**Provided material**

--------

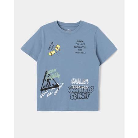 Синяя футболка для мальчика Futurino с цветным принтом в стиле граффити.
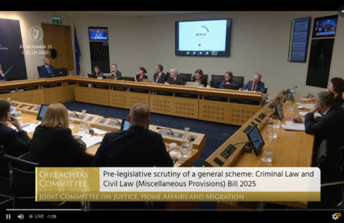 On 30 September 2025, the Joint Committee on Justice, Home Affairs and Migration met to examine the General Scheme of the Criminal Law and Civil Law (Miscellaneous Provisions) Bill 2025. IPRT's Executive Director, Saoirse Brady and Legal Policy and Public Affairs Manager, Niamh McCormack took part, providing evidence on key aspects of the Bill.
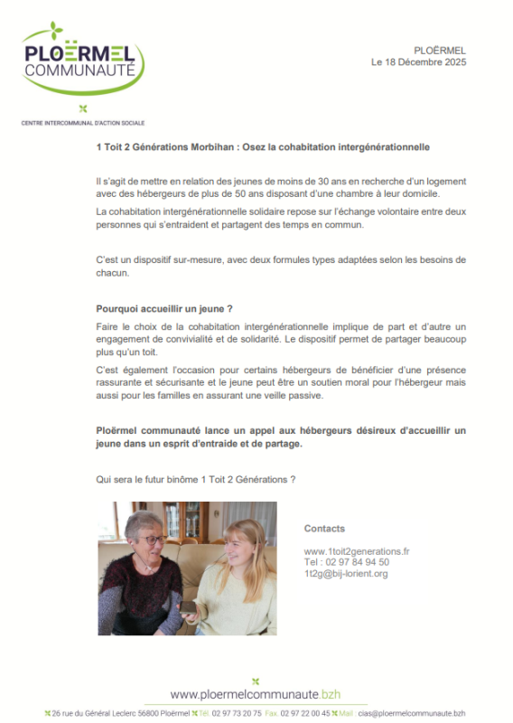 1 Toit 2 Générations Morbihan Accueil Actualités 1 Toit 2 Générations Morbihan 1 Toit 2 Générations Morbihan : Osez la cohabitation intergénérationnelle.Qui sera le futur binôme 1 Toit 2 Générations ? Retour aux actualités

--------

**Instructions to follow**
Copy exactly the lines from the line holding "On 30 September" to the final line of the listing, and leave the pictures out.

**Answer to this task**
 On 30 September 2025, the Joint Committee on Justice, Home Affairs and Migration met to examine the General Scheme of the Criminal Law and Civil Law (Miscellaneous Provisions) Bill 2025. IPRT's Executive Director, Saoirse Brady and Legal Policy and Public Affairs Manager, Niamh McCormack took part, providing evidence on key aspects of the Bill.
 1 Toit 2 Générations Morbihan Accueil Actualités 1 Toit 2 Générations Morbihan 1 Toit 2 Générations Morbihan : Osez la cohabitation intergénérationnelle.Qui sera le futur binôme 1 Toit 2 Générations ? Retour aux actualités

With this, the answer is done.